**Exercise data**
►
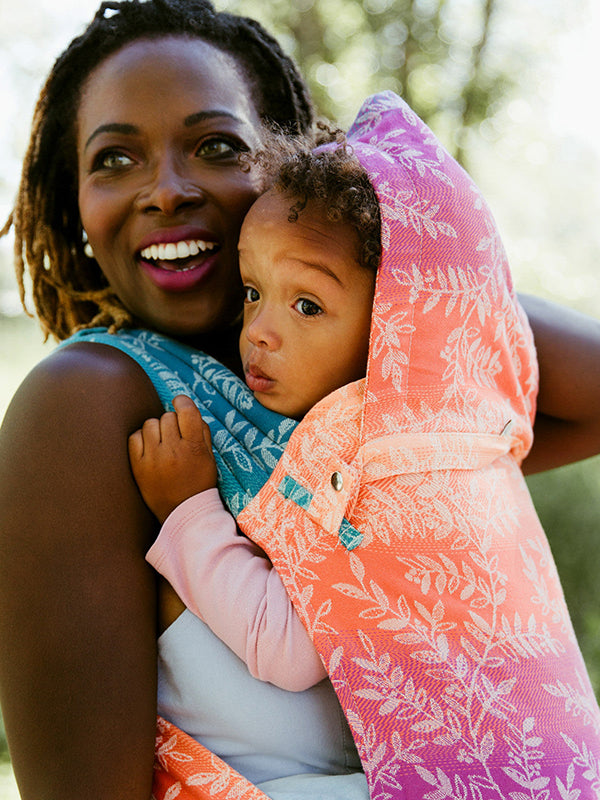 This beautiful, breathable baby carrier features a stunning fade from aqua blues, through purples and pinks to a lovely peachy tone. Our twisting Willow pattern is picked out in recycled eco cotton for a colourful sling which is perfect for little ones and toddlers alike.
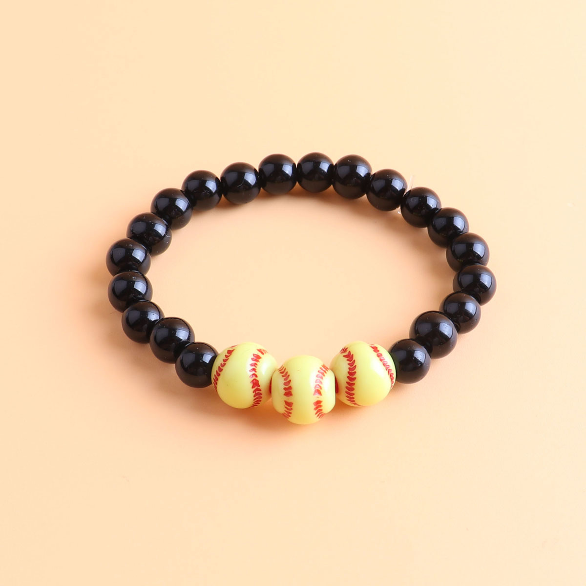 8mm black beads + 12mm yellow red softball
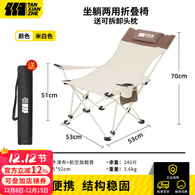 探险者折叠椅户外躺椅便携式单人靠背露营椅子休闲椅扶手椅折叠午睡床 米白-加固防翻躺椅【一提收拢】
◄
**Task**
Write out the data word for word, with every picture dropped.

**Answer to this task**
 This beautiful, breathable baby carrier features a stunning fade from aqua blues, through purples and pinks to a lovely peachy tone. Our twisting Willow pattern is picked out in recycled eco cotton for a colourful sling which is perfect for little ones and toddlers alike.
 8mm black beads + 12mm yellow red softball
 探险者折叠椅户外躺椅便携式单人靠背露营椅子休闲椅扶手椅折叠午睡床 米白-加固防翻躺椅【一提收拢】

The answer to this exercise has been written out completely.